Exercise details: Copy word for word the lines in the records below, starting at the line with "Effect: A cut-out" and ending at the line with "简介:Regulated Deficit Irrigation". Skip the pictures.

Raw data:
----------

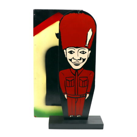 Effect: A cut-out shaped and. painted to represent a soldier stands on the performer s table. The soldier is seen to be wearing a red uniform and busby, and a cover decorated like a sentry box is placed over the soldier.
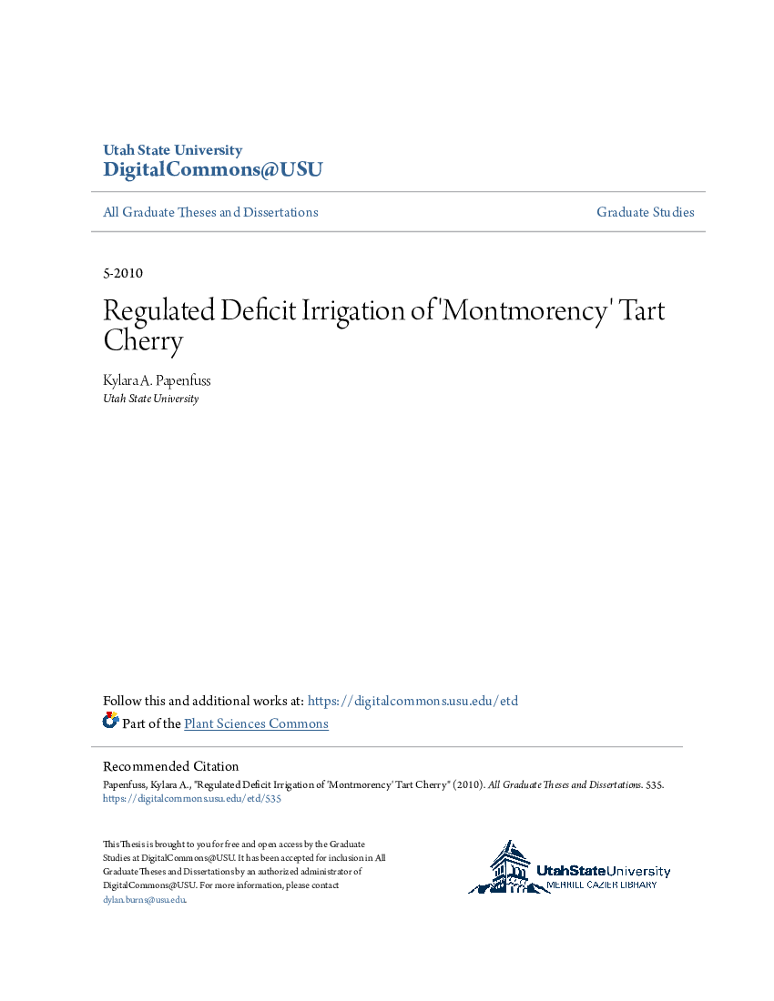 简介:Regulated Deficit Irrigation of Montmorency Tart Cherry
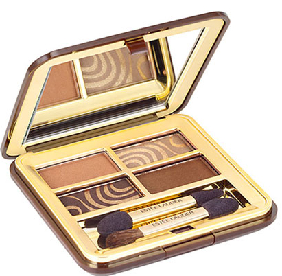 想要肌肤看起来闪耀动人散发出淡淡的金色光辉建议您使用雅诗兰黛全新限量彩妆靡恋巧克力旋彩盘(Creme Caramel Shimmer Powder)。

----------

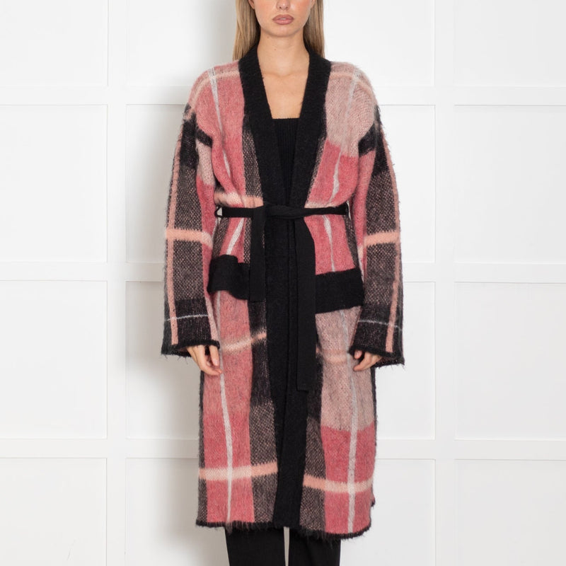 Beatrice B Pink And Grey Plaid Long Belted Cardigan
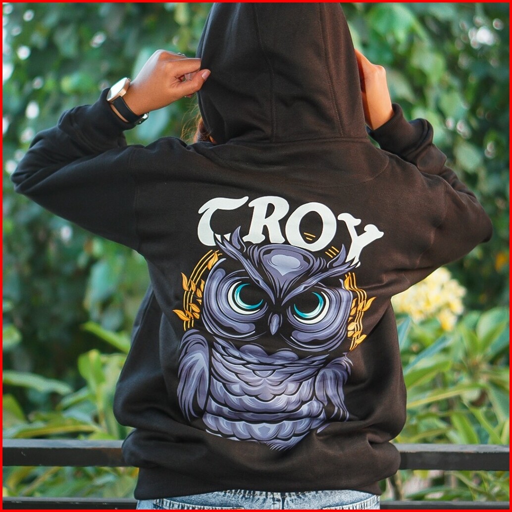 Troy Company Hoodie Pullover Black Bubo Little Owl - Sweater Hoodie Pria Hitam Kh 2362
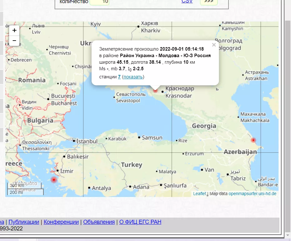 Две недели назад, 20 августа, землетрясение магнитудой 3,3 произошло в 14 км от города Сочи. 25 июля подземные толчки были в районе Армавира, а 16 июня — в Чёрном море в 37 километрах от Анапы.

----------

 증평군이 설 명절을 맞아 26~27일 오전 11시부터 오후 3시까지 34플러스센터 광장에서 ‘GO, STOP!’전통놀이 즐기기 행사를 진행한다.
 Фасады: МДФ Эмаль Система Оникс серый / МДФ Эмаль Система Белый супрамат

----------

Answer below:
 Effect: A cut-out shaped and. painted to represent a soldier stands on the performer s table. The soldier is seen to be wearing a red uniform and busby, and a cover decorated like a sentry box is placed over the soldier.
 简介:Regulated Deficit Irrigation of Montmorency Tart Cherry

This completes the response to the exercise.